27. Describe how synaptic inputs are integrated by neurons. Include in your answer descriptions of the
postsynaptic potentials, the types of summation, and the types of neural circuits

Neural synapses are the connections between neurons in a neural circuit. There are 
three types of synapses – axodendritic (axon to dendrite), axosomatic (axon to soma), and 
axoaxonic (axon to axon). Neurons communicate with neurons by neurotransmitters, 
released from vesicles on the transmitting axon terminal, which are collected on receptor 
sites of the receiving neuron to generate a postsynaptic electric potential i.e. a voltage. 

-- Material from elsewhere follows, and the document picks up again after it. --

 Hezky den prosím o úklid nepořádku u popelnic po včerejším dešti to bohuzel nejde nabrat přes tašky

This action potential can activate voltage­gated calcium channels which will cause 
synaptic vesicles to transport neurotransmitters to the axon terminal for a repeat of the 
transmission process; however, different neurotransmitters have different electrical 
properties so they may have either an excitatory or inhibitory effect on neuronal activity. 

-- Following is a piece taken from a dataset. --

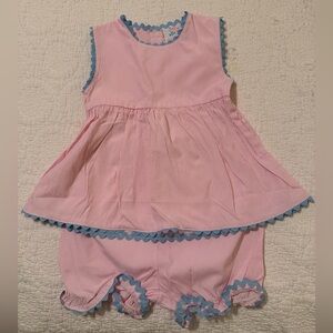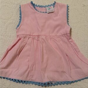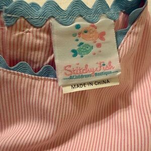 Stitchy Fish Seersucker pink with blue trim top and bottoms. Adorable pink and blue dress set perfect for your little one. Features a charming design with a comfortable fit.

There are three types of synaptic neurotransmitter activities – excitatory cholinergic 
(ACh), inhibitory GABA­ergic, and excitatory adrenergic. Excitatory cholinergic 
synapses release ACh which bind to receptors that trigger a release of sodium ions that 
create a negative electric potential at the synapse that at reaching ­55mV (from normal
­70mV, relative to environment) forces an action potential for target neuron; ACh can 
have an inhibitory effect on action potential for some neurons. An inhibitory GABA­ergic 
synapse releases GABA which opens chlorine ion channels instead and these 
hyperpolarize (further “negative­ize”) the synapses so that depolarization becomes more 
difficult and no action potential is created. An excitatory adrenergic synapse releases 
norepinephrine which binds to a G protein which binds to adenylate cyclase that converts 
ATP to cAMP. cAMP has multiple effects, which vary depending on cell, including the 
opening of ligand­regulated sodium ion gates that will generate an action potential, and 
activation or synthesis of enzymes to effect changes in metabolism. In the view of a 
computation, these three synaptic activities are different operations, and “the more 
synapses a neuron has the greater its information­processing capabilities.” Other 
neurotransmitters that create excitatory postsynaptic potentials are glutamate and 
aspartate, and inhibitory PSPs are generated by glycine in addition to GABA.

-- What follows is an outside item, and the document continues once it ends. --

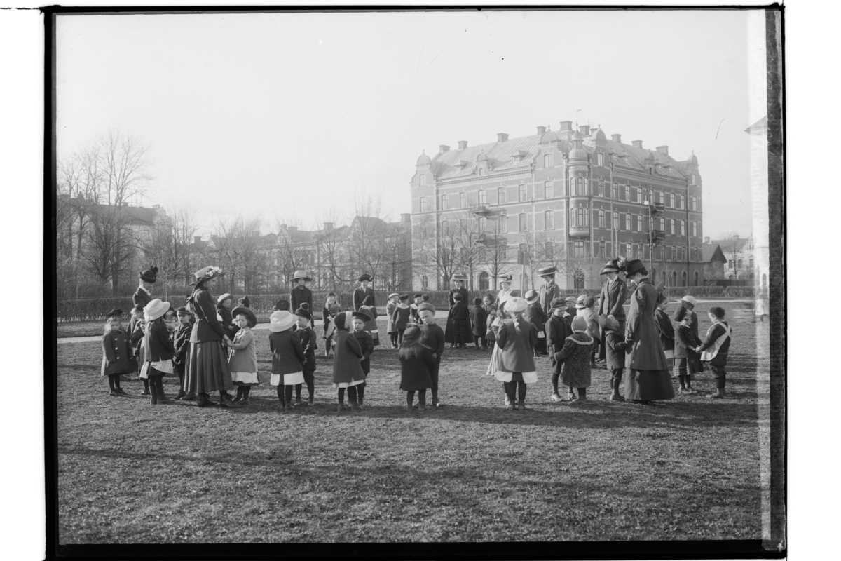 Barn och förskollärare från Kindergarten i Oskarsparken.

Synaptic summation refers to aggregation of PSPs, and a typical neuron requires 
30 EPSPs to depolarize or fire (form an action potential). Since the typical EPSP is .5mV 
and lasts 20ms, summation can occur by temporal accumulation of EPSPs by a synapse 
from an axon within a determinedly short period of time, or by spatial accumulation of 
EPSPs by a synapse from multiple axon terminals. Spatial summation is essentially 
distributed computing, involving the input of relatively less hard­working axons to 
achieve the same effect as one very hard­working axon trying to generate an action 
potential.
There are several types of neural circuits. Diverging circuits involve an action 
potential of one neuron traveling across a successively greater and greater number of 
neurons. Converging circuits is the vice­versa, with several neuronal action potentials 
intersecting at one neuron. Reverberating circuits are made of two linear circuits, one 
traveling in one direction across neurons and another traveling the other way from one 
neuron at the end of the first circuit to the beginning of the first circuit so that the first 
circuit is replicated due to the influence of the second circuit. Parallel after­discharge 
circuits are like diverging circuits that turn into converging circuits i.e. the action 
potential diverges across several neurons then converges upon a neuron. The usefulness of 
parallel after­discharge circuits is that the action potential can exist even without the 
originating neuron firing, as the in­between neurons between divergence and convergence 
can continue the action potential. An example with a simple parallel after­discharge 
circuit made of four neurons (so 2 in­between) that fire at the same time will maintain the 
action potential for twice the amount of time as if the in­betweens didn’t exist.